### Exercise aim
Exact transcription begins at the first line of the material below and ends with the line holding "Home Is Where"; pictures are skipped.

*** Begin section ***

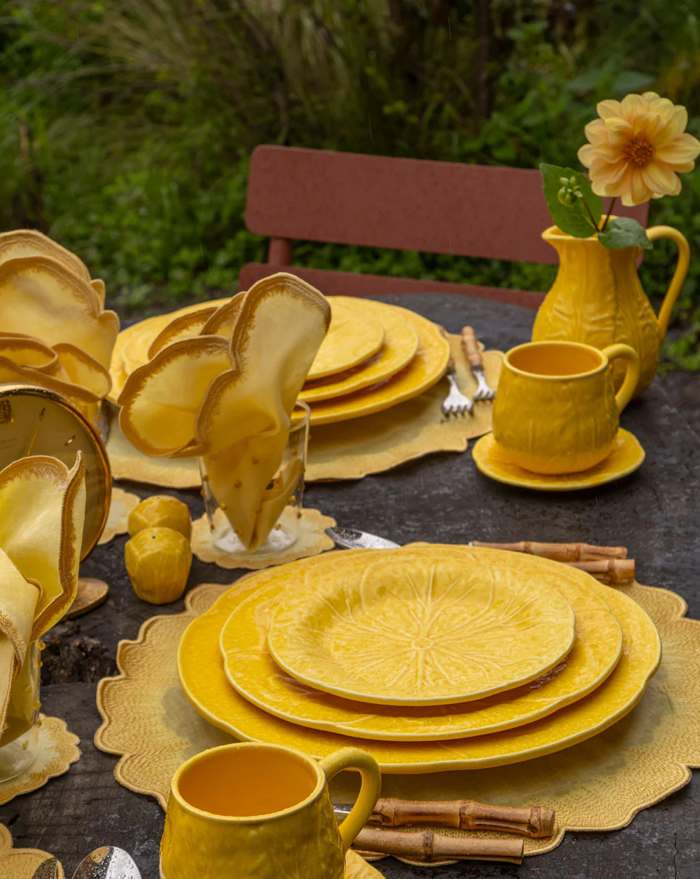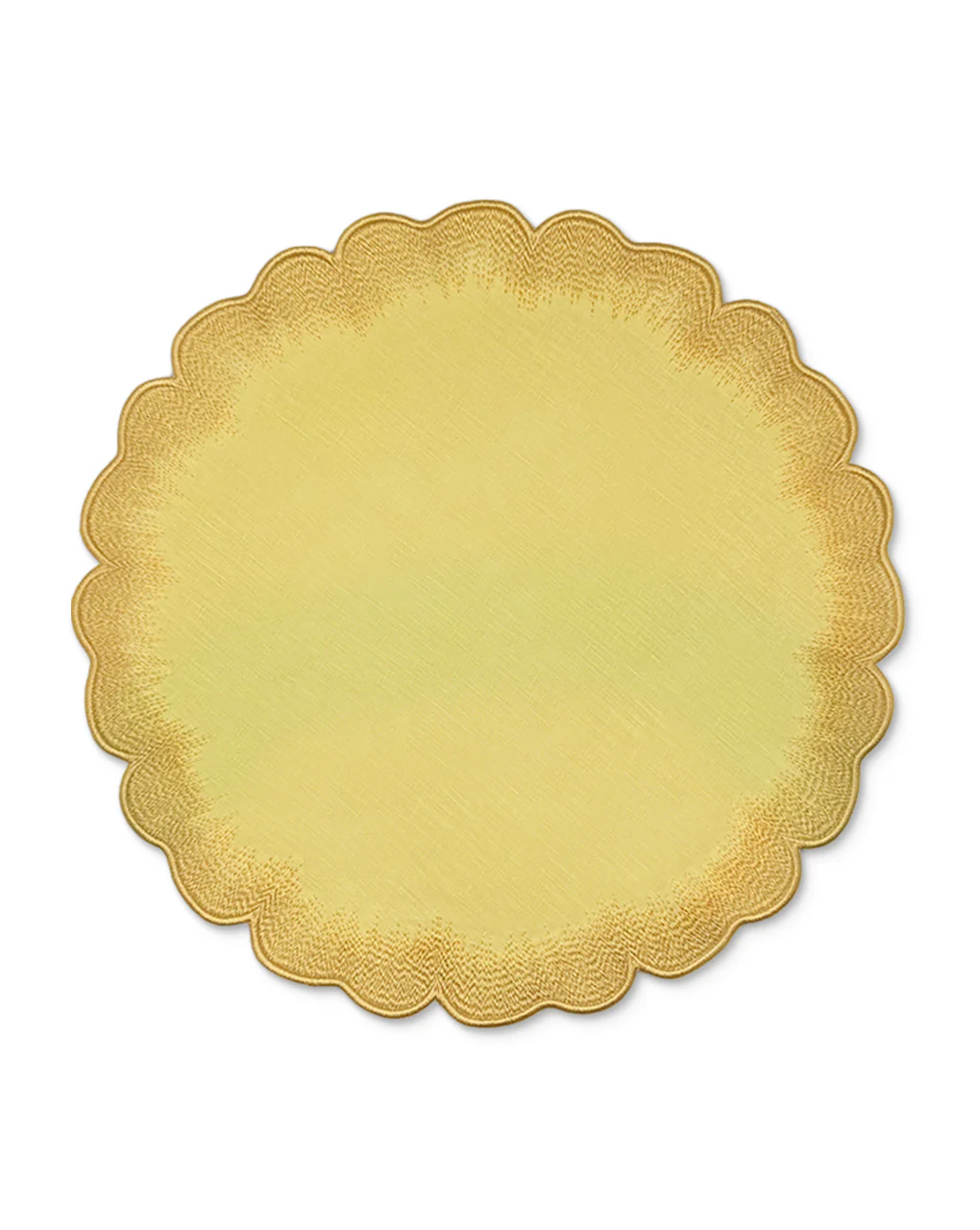 Un individual sofisticado, atemporal y con un craftsmanship excepcional. Cada uno es bordado en lino Amarillo con hilo dorado, recortado a mano cuidadosamente. Lo más chic para poner en tu mesa.
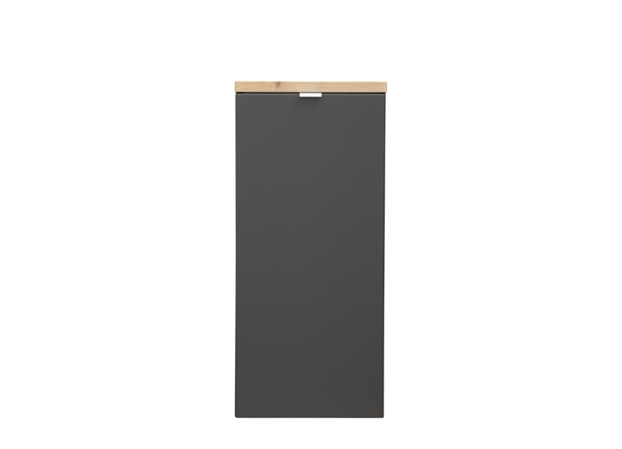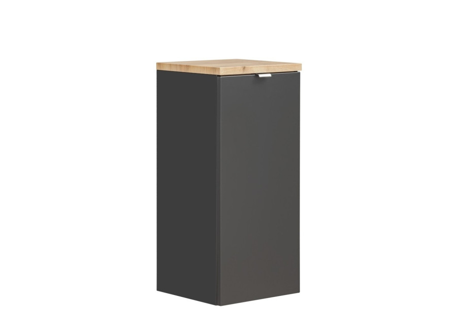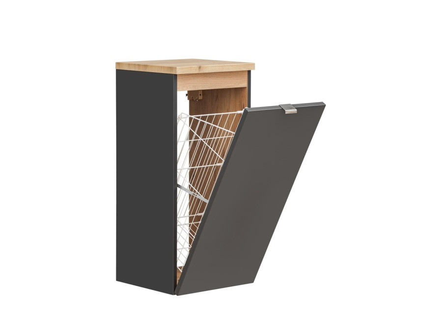 Závesná skrinka COIN 811 s integrovaným košom na prádlo Vám ponúka možnosť vytvoriť dokonale zladený priestor. Kombinácia dekoru čierna matná s vrchnou doskou vo farbe dub craft zlatý vnáša do priestoru sviežosť a moderný nádych. Decentný kovový úchyt dotvára celkový harmonický výraz tejto kúpeľňovej skrinky. Kolekcia COIN zahŕňa všetko od praktických skriniek pod umývadlo až po štýlové závesné moduly a zrkadlové skrinky.
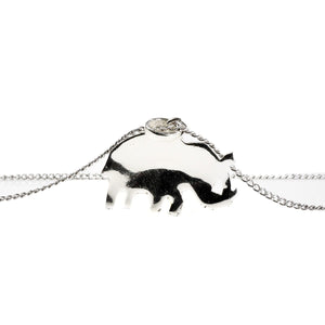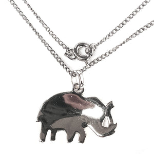 The necklace measures 18 inches in length. Meanwhile the pendant measures 20.4 mm in height including the hanger and 21.7 mm in width (measured from trunk to tail.) Excluding the hanger it measures 13.7 mm in height. The chain width is 1.3 mm and combined the chain and pendant weigh 3.5 grams.
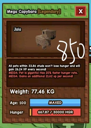 巨大+Mega卡皮巴拉(77.46kg) | 700元 |
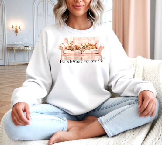 Home Is Where My Terrier Is! Crewneck Sweatshirt, Terrier Owner Gift, Animal, Cozy Casual Wear (HC-1010)
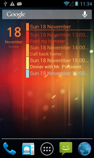 A clean and easy to use Calendar/Agenda Widget to show and to edit your events. It synchronizes with the default calendar and provides following;
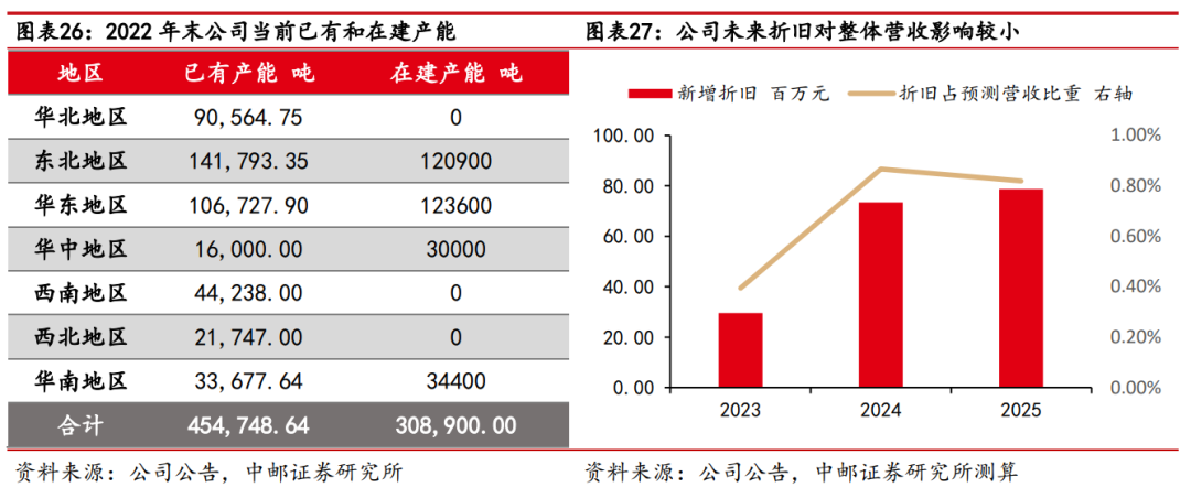 华东、东北地区新增产能均超10万吨,另外华中、华南地区也有超3万吨产能规划。从折旧看,公司产能在2024年集中释放后,预计年新增折旧在7000万左右,占营收比重在0.7%,新增折旧对盈利影响相对较小。
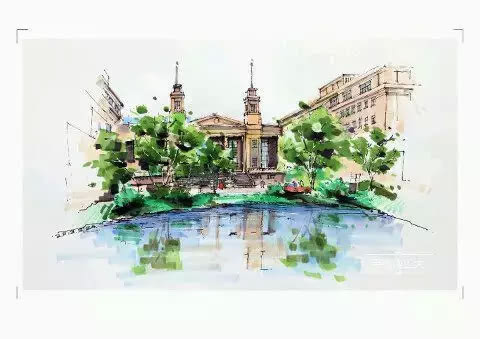 珍藏一套“最美校园”手绘明信片
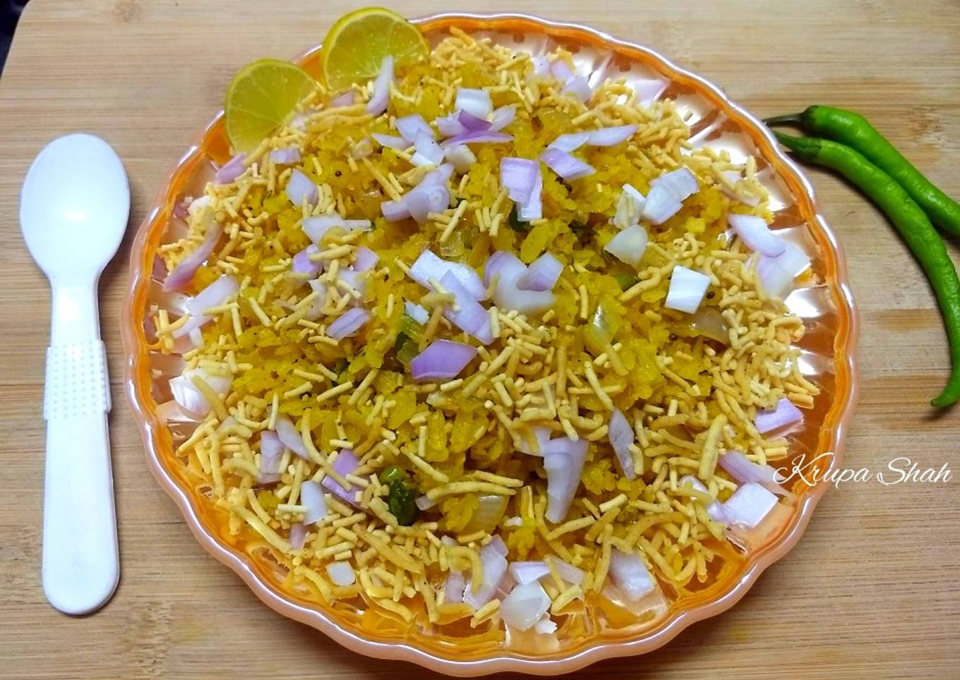 - While serving, top the ready Indori Poha with chopped onions (1/4 part) and Bikaneri sev. We can add pomegranates and spicy boondi to it.
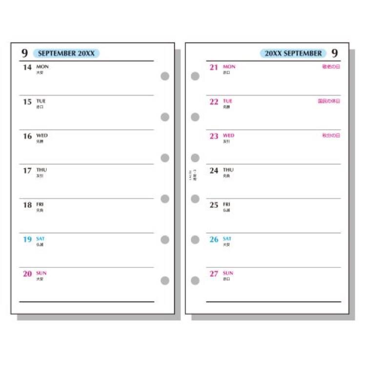 - 2025年12月始まりシステム手帳用リフィル ミニ6 ラセ 週間3

*** End section ***

### Reply
 Un individual sofisticado, atemporal y con un craftsmanship excepcional. Cada uno es bordado en lino Amarillo con hilo dorado, recortado a mano cuidadosamente. Lo más chic para poner en tu mesa.
 Závesná skrinka COIN 811 s integrovaným košom na prádlo Vám ponúka možnosť vytvoriť dokonale zladený priestor. Kombinácia dekoru čierna matná s vrchnou doskou vo farbe dub craft zlatý vnáša do priestoru sviežosť a moderný nádych. Decentný kovový úchyt dotvára celkový harmonický výraz tejto kúpeľňovej skrinky. Kolekcia COIN zahŕňa všetko od praktických skriniek pod umývadlo až po štýlové závesné moduly a zrkadlové skrinky.
 The necklace measures 18 inches in length. Meanwhile the pendant measures 20.4 mm in height including the hanger and 21.7 mm in width (measured from trunk to tail.) Excluding the hanger it measures 13.7 mm in height. The chain width is 1.3 mm and combined the chain and pendant weigh 3.5 grams.
 巨大+Mega卡皮巴拉(77.46kg) | 700元 |
 Home Is Where My Terrier Is! Crewneck Sweatshirt, Terrier Owner Gift, Animal, Cozy Casual Wear (HC-1010)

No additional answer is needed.